Hacker News new | ask | show | jobs
by ribit 1491 days ago
And yet somehow Apples GPU ALUs are more efficient at 3.8 watts per TFLOP. Mind, I am not talking about specialized matrix multiplication units that have a different internal organization and can do things like matrix multiplication much more efficiently, but about basic general-purpose GPU ALUs.

The comparison of efficiency between Apple and Nvidia here is a bit misleading because one compares Apples general-purpose ALUs to Nvidia’s specialized ALUs. For a more direct efficiency comparison, one would need to compare the Tensor Cores against the AMX or ANE coprocessors.

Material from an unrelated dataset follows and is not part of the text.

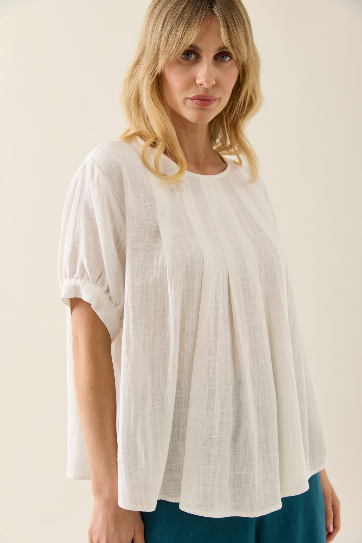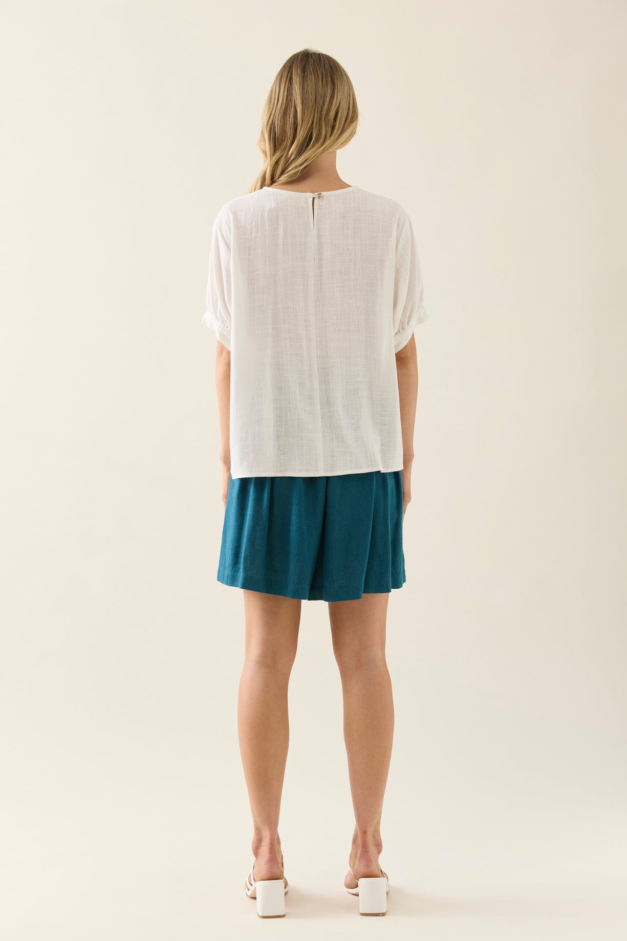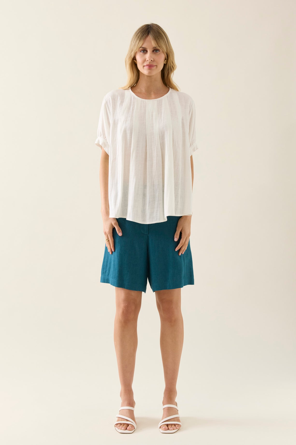 A relaxed linen-blend top with soft front pleats that bring subtle texture to the neckline. Finished with a round neck, keyhole button closure at the back, and cuffed short sleeves for laid-back comfort.

As to how Apple achieves such high efficiency, nobody knows. The fact that they are on 5nm node might help, but there must be something special about the ALU design as well. My speculation is that they are wider and much more simpler than in other GPUs, which directly translates to efficiency wins.

1 comments

How they do it at a conceptual level isn't a big secret: they don't need to minimize die area the way other companies do. For Apple, the die is just part of a chip that is part of the larger system they sell that they can amortize the cost over. nVidia doesn't have a system to do that with so their natural inclination is to lean towards keeping the die size as small as possible and just overclock the hell out of it. (right there is the 'trick': Apple can afford to do things that chew up die space that nVidia and others can't while maintaining their profit margins) Being a process generation ahead is also a rather huge thing too. (which is another thing they can amortize the cost of over large numbers of complete systems and mobile devices which their competitors can't)

Also related: Apple designs their hardware to do just what they want it to while everyone else is designing for a more general use case. This also costs die area, IP licensing fees etc.

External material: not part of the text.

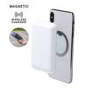 Batería auxiliar externa con tecnología de carga inalámbrica de gran capacidad -5.000 mAh-. De diseño compacto y con fijación magnética para poder usar el dispositivo mientras se produce la carga del mismo. Conexión Tipo-C de entrada de corriente y USB de salida, con cable de carga tipo C incluido. Botón ON/OFF, ledes indicadores de estado de carga y amplia superficie de marcaje

But how does that apply to GPU ALUs? Looking at M1 die shots, they are comparatively tiny, and when comparing to other vendors, it doesn't seem like Apple is dedicated more logic space to the GPU. The M1 die is roughly 120mm2, an Nvidia Turing TU117 (GTX 1650) is roughly 200m2. Both feature the same amount of GPU ALUs (1024 32-bit units). And of course, M1's 5nm is around 5-6 times denser than Turing's 12nm, but M1 is an entire SoC with all kinds of components — not to mention a huge cache — the GPU takes maybe 20% of the die (let's say 1/3 if you also count in the display controller and memory controllers). All in all, the amount of normalised die space dedicated to GPU ALUs seems comparable.

Of course, my perspective here might be extremely naive, I know very little about semiconductor technology, just trying to understand the principal design differences.

Also I thought Apple is adding a large slice of cache. When you look at the 3D-V cache on Ryzen for performance (+15%?), this has a large impact. And because they sell expensive stuff, they can afford to build expensive CPUs.
Cache doesn't matter for pure ALU efficiency though. I mean, I did tests on long dependent chains of FMAs, the only memory touched there are two internal registers.